* [RFC 1/2] powerpc/mm: Add trace points for various types of hash faults
@ 2016-02-17 7:00 Anshuman Khandual
2016-02-17 7:00 ` [RFC 2/2] selftests/powerpc: Add tests for various hash page fault paths Anshuman Khandual
0 siblings, 1 reply; 2+ messages in thread
From: Anshuman Khandual @ 2016-02-17 7:00 UTC (permalink / raw)

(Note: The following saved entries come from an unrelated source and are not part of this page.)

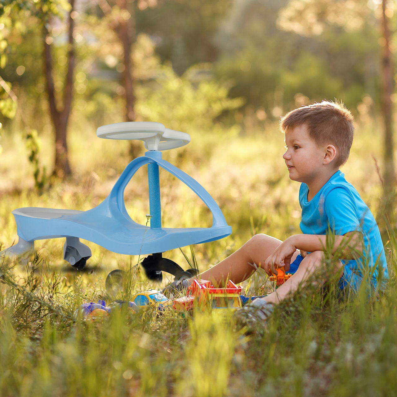 Чтобы начать движение, достаточно попеременно повернуть руль влево и вправо. Силы мышц малыша достаточно, чтобы начать отличное развлечение! Также автомобиль имеет широкое профилированное сиденье и нескользящие опоры на сидении, что повышает комфорт вождения. Дополнительным преимуществом являются светящиеся колеса, которые делают развлечение более привлекательным, а также делают поездку более заметной.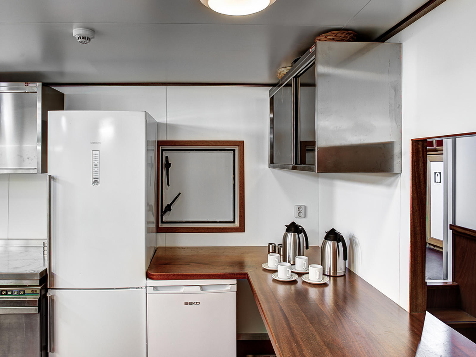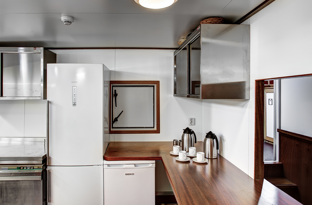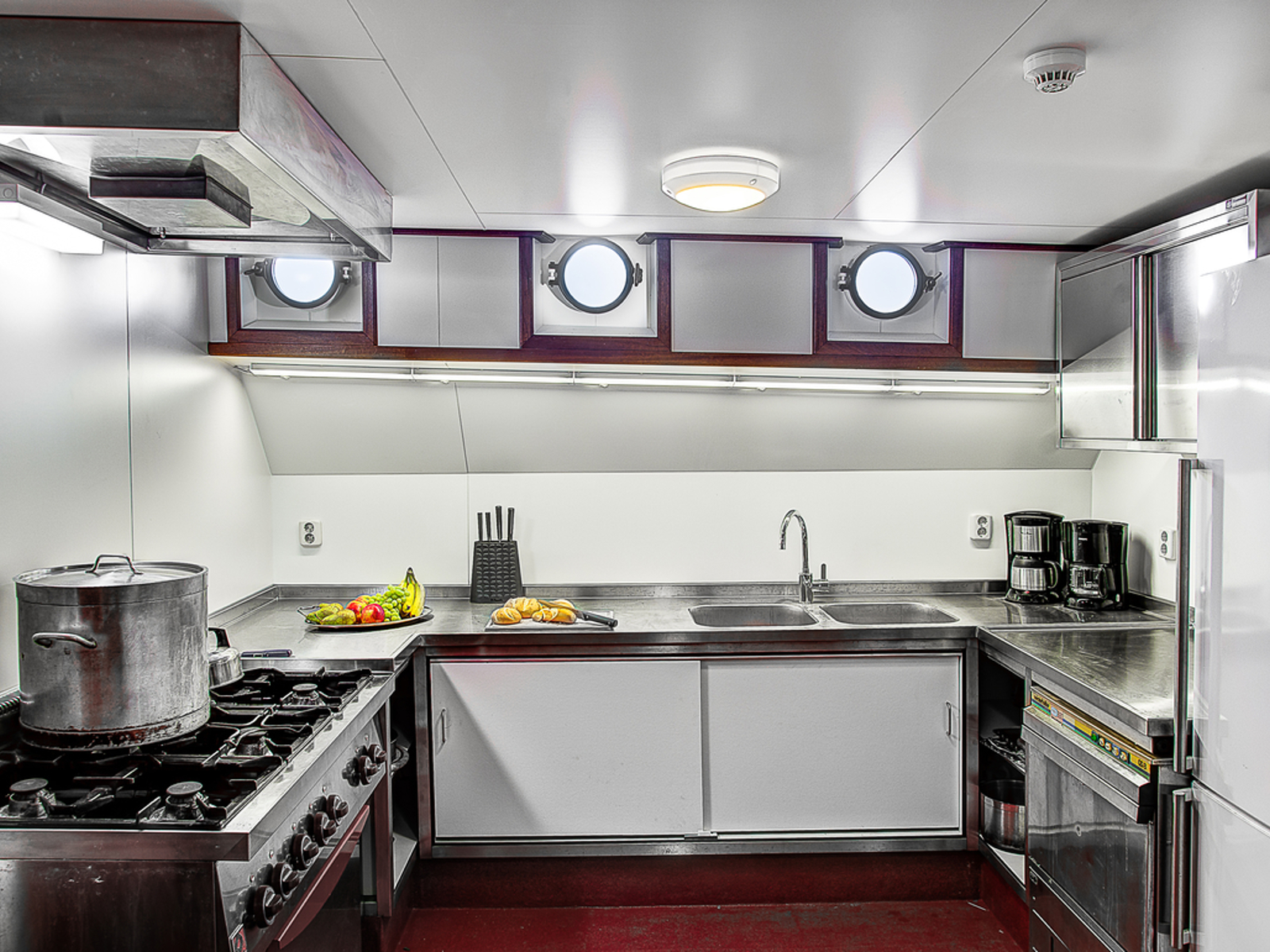 Het schip beschikt over een grote horeca-keuken. Hierin vindt u een gasfornuis met 6 kookplaten en oven, een grote koelkast en een vriezer, een gastronomie vaatwasmachine en een koffiezetapparaat.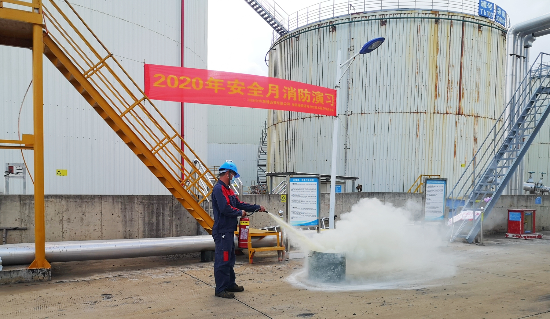 为了加强安全管理,提高员工处理突发事件的应变能力,路桥沥青公司于6月19日下午在厂区举行2020年度安全月消防演练,进行了应急疏散,伤员救治,干粉灭火器扑灭油类火灾和消防水灭火等科目演练活动。

To: linuxppc-dev; +Cc: aneesh.kumar, mpe
This adds trace point definitions and invocations for all types
of hash faults like THP, HugeTLB, 64K, 4K mappings. These are
intended to be used in user space for performance and functional
evaluation of various memory management paths.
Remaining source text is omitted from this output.